(ENTRIES SHOWN):

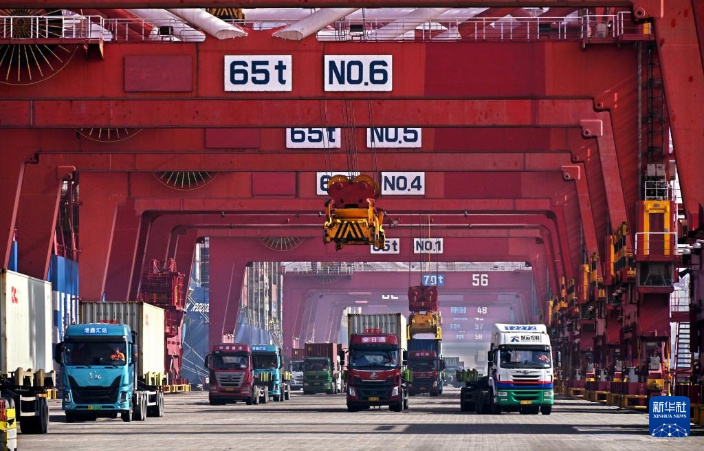 ??2024年2月11日,卡車在青島港集裝箱碼頭裝運集裝箱。新華社記者 李紫恒 攝
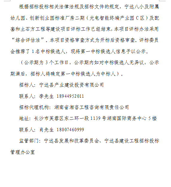 寧遠(yuǎn)八小及附屬幼兒園、創(chuàng)新創(chuàng)業(yè)園標(biāo)準(zhǔn)廠房二期(光電智能終端產(chǎn)業(yè)園C區(qū))及配套和土石方工程等建設(shè)項(xiàng)目中標(biāo)候選人信息公示
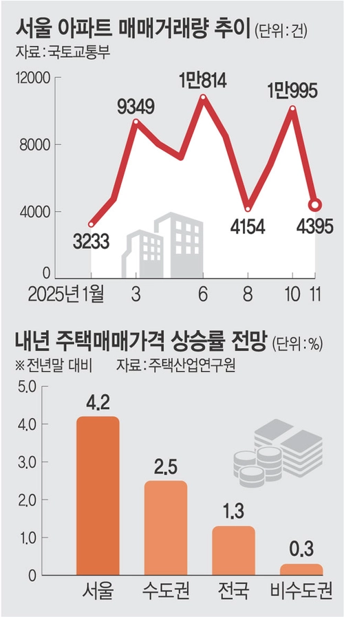 수도권 37곳을 ‘3중 규제’로 묶은 10·15 부동산 대책 이후 서울 주택 매매 거래량이 약 60% 급감했지만 내년 집값 상승세는 가파를 것으로 예상되고 있다. 내년 ‘입주절벽’이 예고된 상황에서 시중 유동성은 폭증해 집값을 밀어 올리고 있는 양상이다. 서울 아파트 매물은 연초보다 30% 줄면서 전월세 시장 불확실성도 갈수록 커지고 있다.
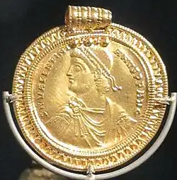 Die vier römischen Münzen zeigen die Kaiser Konstantin I. (306–337, X5), Constans (337–350, X6), Valentinian I. (364–375, X15) und Gratian (375–384, X2). Besonders der Solidus des Constans ist stark abgegriffen, was für eine längere Nutzung der Münzen vor der Umarbeitung zu einem Medaillon spricht. Die Münzen von Konstantin, Constans und Gratian wurden in Trier geprägt, die des Valentinian in Thessaloniki. Alle vier Münzen wurden mit einem Schmuckrand eingefasst und mit Ösen versehen, um sie als Kettenanhänger tragen zu können. Eine Verwendung römischer Münzen als Anhänger ist auch aus anderen Funden bekannt wie etwa aus dem Schatzfund von Brangstrup mit insgesamt 48 römischen Goldmünzen, von denen mehrere durchbohrt worden waren und vermutlich als Halsschmuck dienten.[12] Das Besondere an dem Schatz von Vindelev ist, dass erstmals in Skandinavien gleich mehrere kunstvoll zu einem Anhänger umgearbeitete römische Münzen enthalten waren. Zudem handelt es sich um den ersten Fund, bei dem zu Anhängern umgearbeitete römische Goldmünzen und Brakteaten am selben Ort gefunden wurden.[13]
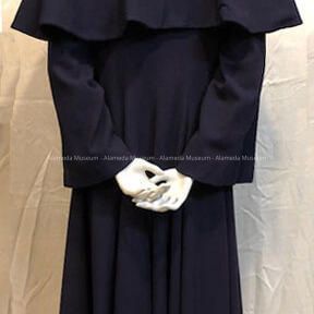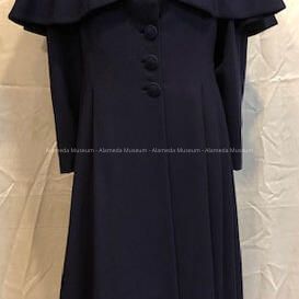 Navy blue wool crepe coat with removable cape, c. 1949Entry/Object ID
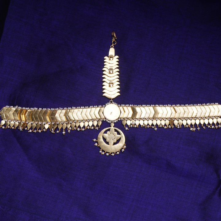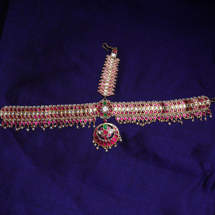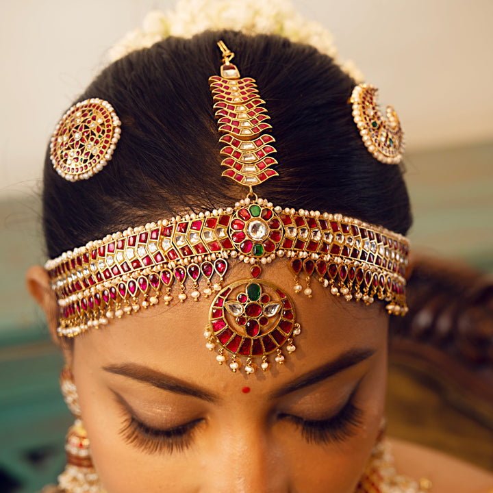 This regal headpiece features a captivating blend of semi-precious Kundan stones in white, red, and green hues, elegantly arranged in classic temple-style motifs. The centerpiece mathapathi is accompanied by matching...
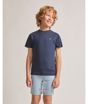 Camiseta lisa confeccionada en algodón con cuello redondo, manga corta y logo de la marca grabado al tono en el frontal. Corte regular fit.
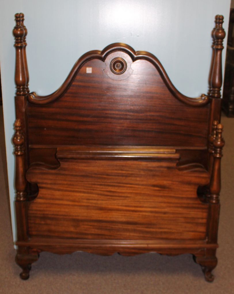 23197 Pair mahogany queen ann style poster beds having scroll head boards supported by turned post; twin size; 55" h.
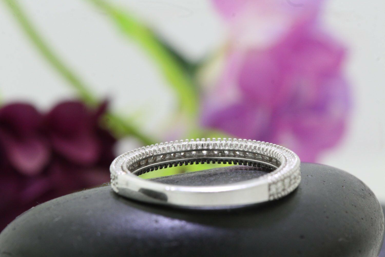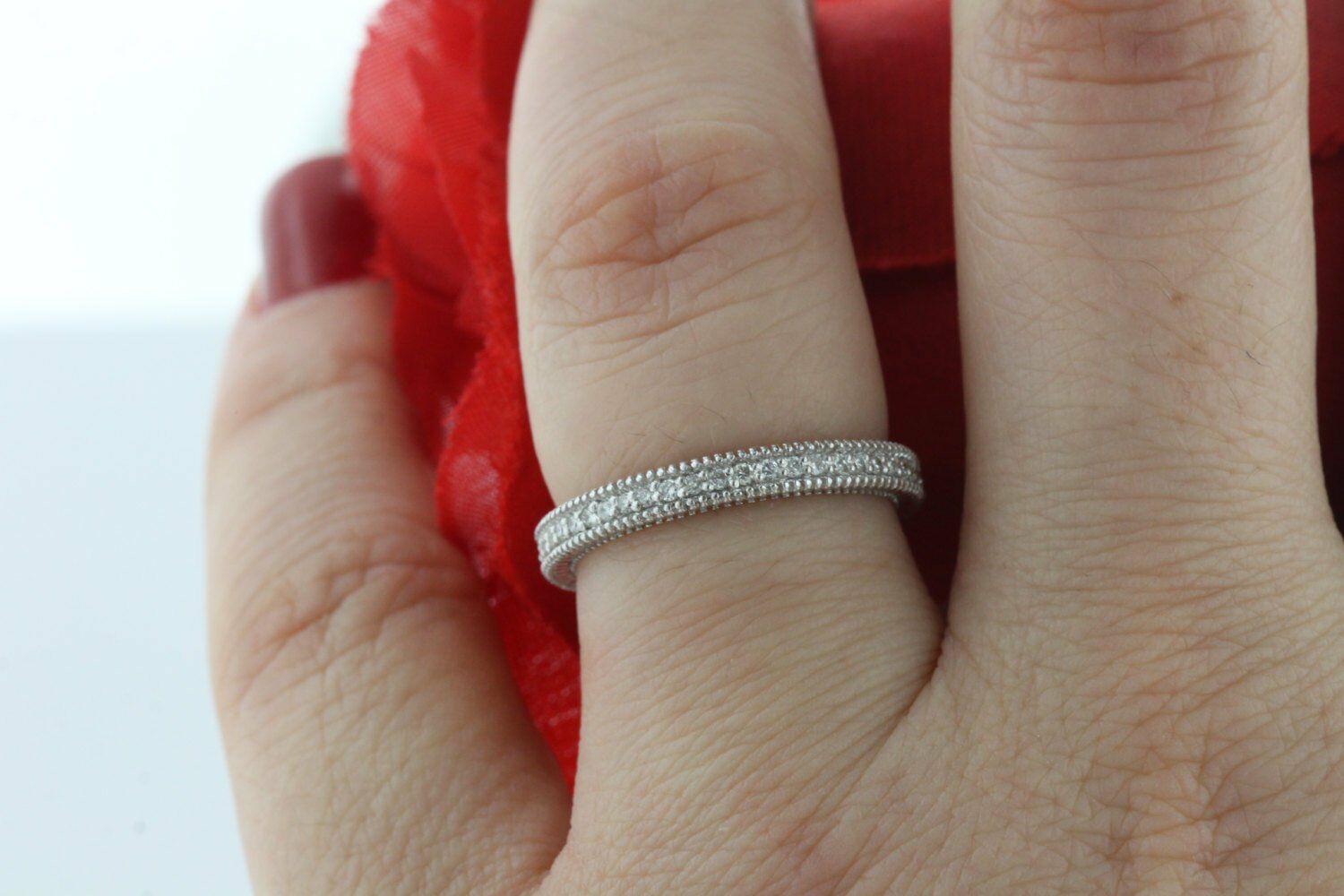 Vintage Eternity Wedding Ring Band 1ct Round Cut Diamond 14k White Gold Finish

(TASK DETAILS): The range runs from the line containing "Camiseta lisa confeccionada" through the end of the entries; print those lines exactly and leave the pictures out.

(OUTPUT OF THE TASK):
 Camiseta lisa confeccionada en algodón con cuello redondo, manga corta y logo de la marca grabado al tono en el frontal. Corte regular fit.
 23197 Pair mahogany queen ann style poster beds having scroll head boards supported by turned post; twin size; 55" h.
 Vintage Eternity Wedding Ring Band 1ct Round Cut Diamond 14k White Gold Finish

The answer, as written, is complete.